22 Mai 2019 12:45
Sharon Tate (1943-1969) é uma figura trágica do imaginário de Hollywood. Em poucos anos, impôs-se como imagem revivalista de um certo "glamour" da idade de ouro, de alguma maneira reinventado para a ligeireza festiva da sociedade americana dos anos 60.
A apoteose de tudo isso ficaria inscrita no admirável "Por Favor, Não me Morda o Pescoço" (1967), sátira aos clássicos filmes de vampiros, realizada por Roman Polanski, com quem se casou em 1968. Morreu aos 26 anos, a 9 de Agosto de 1969, assassinada por membros da ‘Família Manson’, uma seita extremamente violenta liderada por Charles Manson (1934-2017).
O novo filme de Quentin Tarantino, "Once Upon a Time… in Hollywood", é uma evocação dos tempos de Sharon Tate, desembocando, precisamente, na noite da sua morte.
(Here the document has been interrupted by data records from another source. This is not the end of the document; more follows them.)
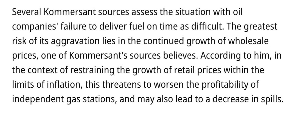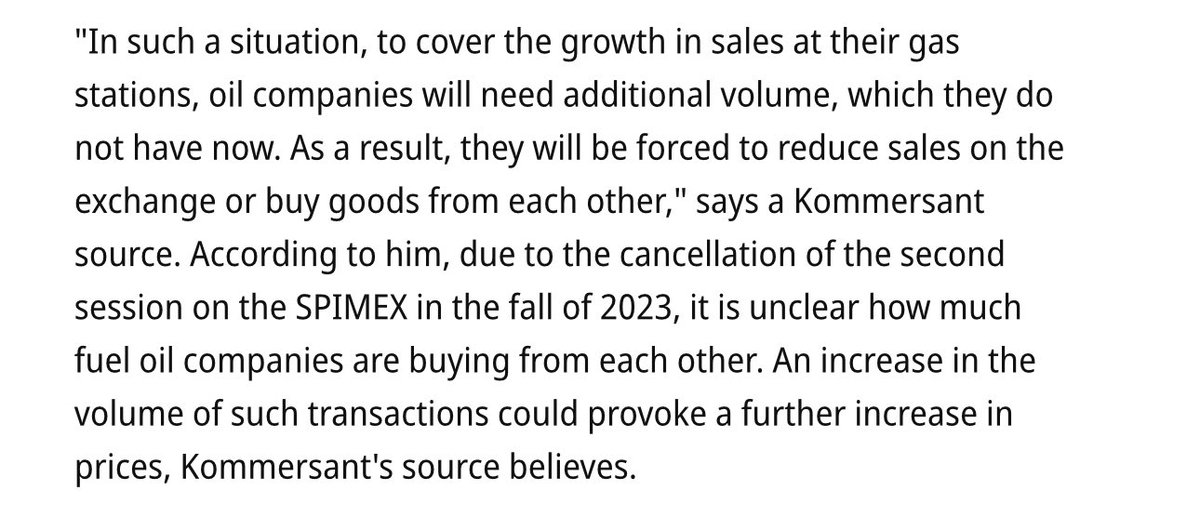 “"In such a situation, to cover the growth in sales at their gas stations, oil companies will need additional volume, which they do not have now. As a result, they will be forced to reduce sales on the exchange or buy goods from each other," says a Kommersant source.”
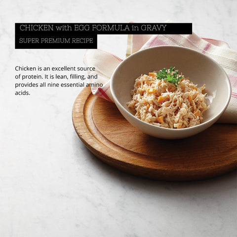 Quality Boneless Chicken with Eggs provides complete protein and essential amino acids in this deliciously nutritious meal. Our recipe is low in Sodium and high in Iron, while providing both Omega-3 and Omega-6 Fatty Acids, and a complete spectrum of vitamins and minerals.
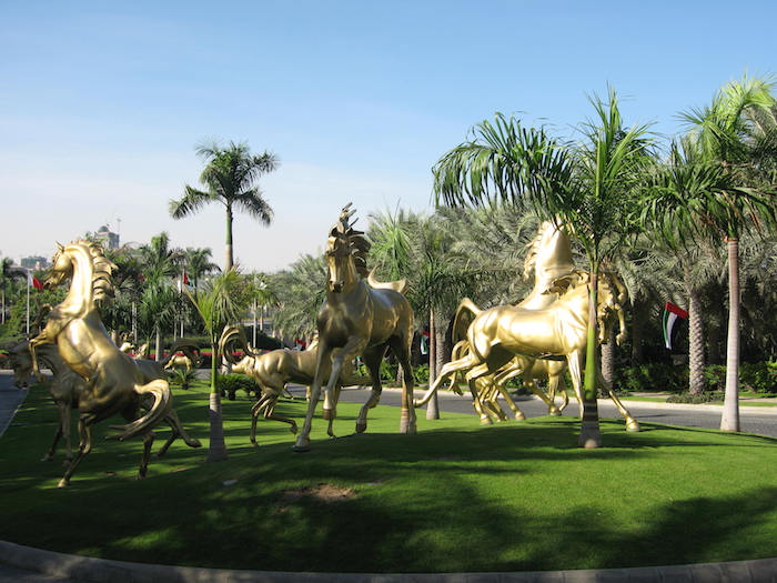 Wo liegt dubai schönes foto von den figuren von pferde pferdebilder goldene pferde statuen vor dem hotel
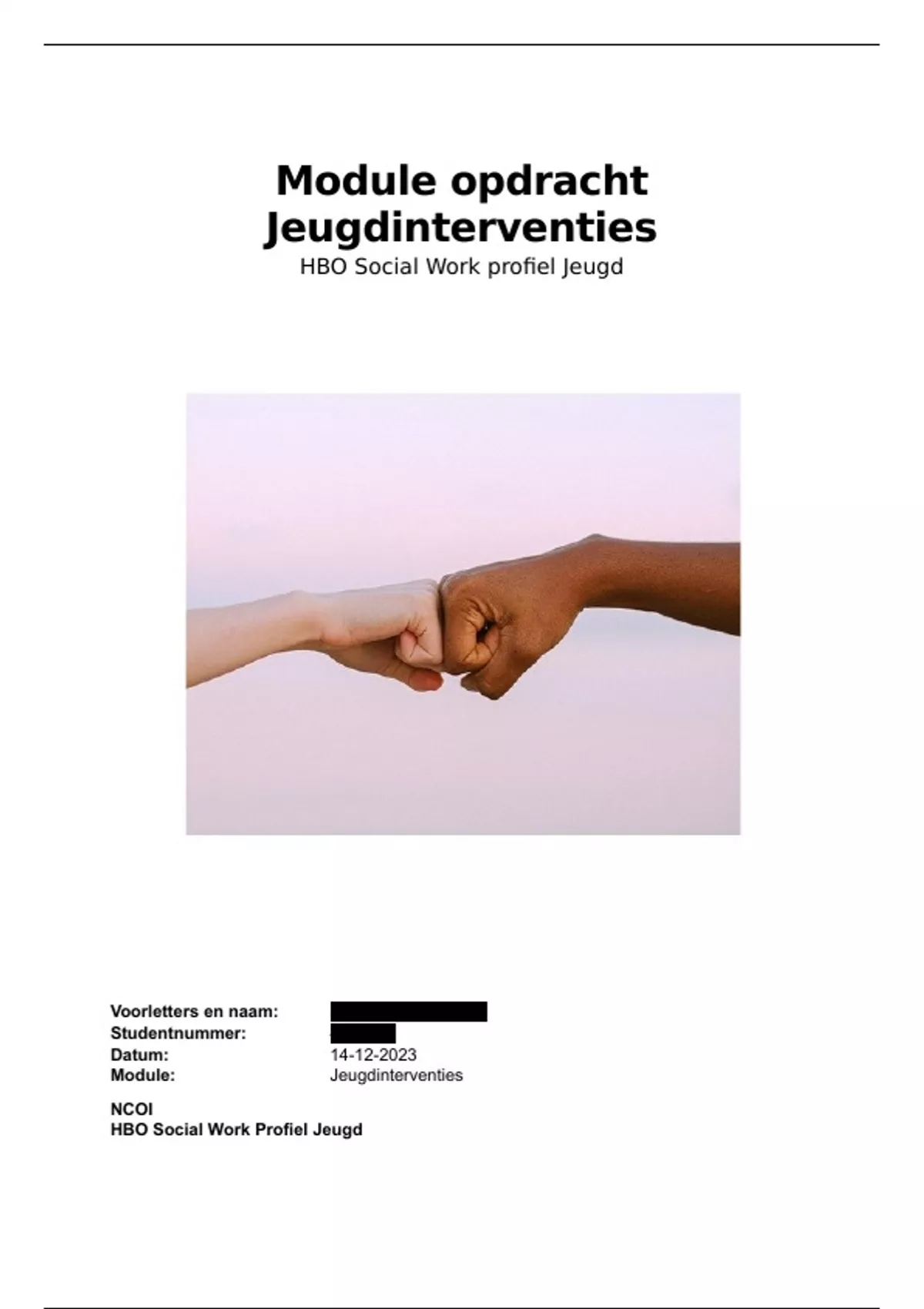 onderdeel van de opleiding is het vak Jeugdinterventies. Dit vak rond ik af met deze
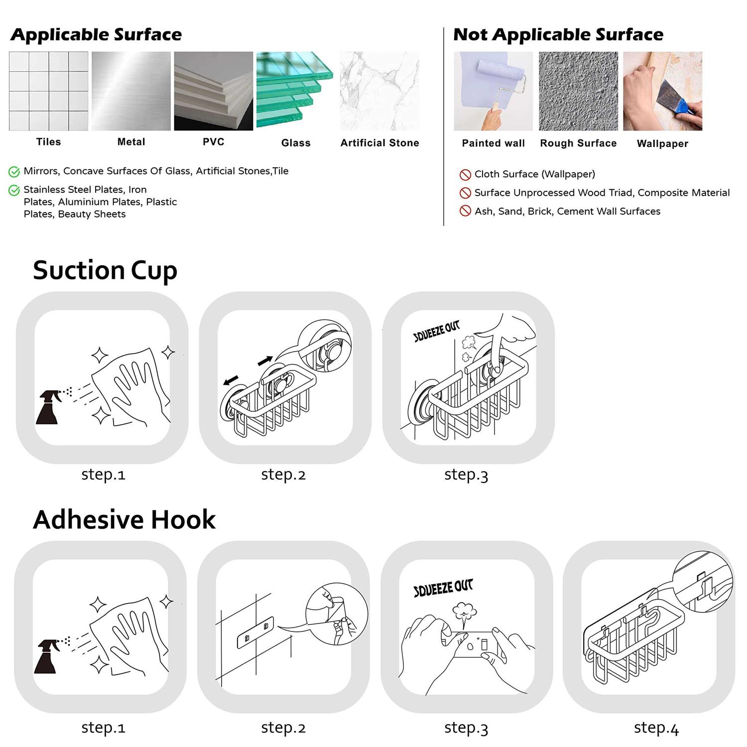 Suction Cups Doesn’t Work Well On Natural Material, Like Stone, Cement, Granite, Silgranit, Composite and Marble etc.. Or Surface has rough texture.

O mínimo que se pode dizer (e importa não dizer muito, tal como solicitado por um pedido oficial de Tarantino, lido na projecção de imprensa do filme em Cannes) é que estamos perante uma tocante evocação cinéfila, em que a precisão dos detalhes históricos não exclui, antes convoca, a vertigem e o maravilhamento da fábula — era uma vez…
Digamos, para simplificar, que entramos nesse momento de transição de Hollywood — em permanente cruzamento com a proliferação das ficções televisivas — através de duas singularíssimas personagens: Rick Dalton, estrela algo decadente de "westerns" do pequeno ecrã, e Cliff Booth, seu "duplo" nas cenas de acção e fiel amigo. Acontece que Dalton é vizinho da mansão do casal Polanski…
Tal como noutros títulos da filmografia de Tarantino (será inevitável citar "Pulp Fiction", Palma de Ouro de Cannes há exactamente 25 anos), viajamos pelo interior do filme como quem redescobre o património mitológico e iconográfico dos géneros clássicos, do "western" ao "thriller" — da evocação realista à mágica transfiguração permitida por imagens e sons (incluindo, claro, as canções da época).
Leonardo DiCaprio e Brad Pitt são admiráveis de rigor e ironia na interpretação de Dalton e Booth, respectivamente, enquanto Margot Robbie compõe uma maravilhosa Sharon Tate, dir-se-ia resgatada do inferno, celebrando a alegria paradisíaca de um tempo, afinal, paradoxalmente habitado por muitos fantasmas. "Once Upon a Time… in Hollywood" é um daqueles objectos capazes de nos fazer sentir que o cinema, sendo um espectáculo, é também o mais belo dos países tocados pelo gosto da liberdade.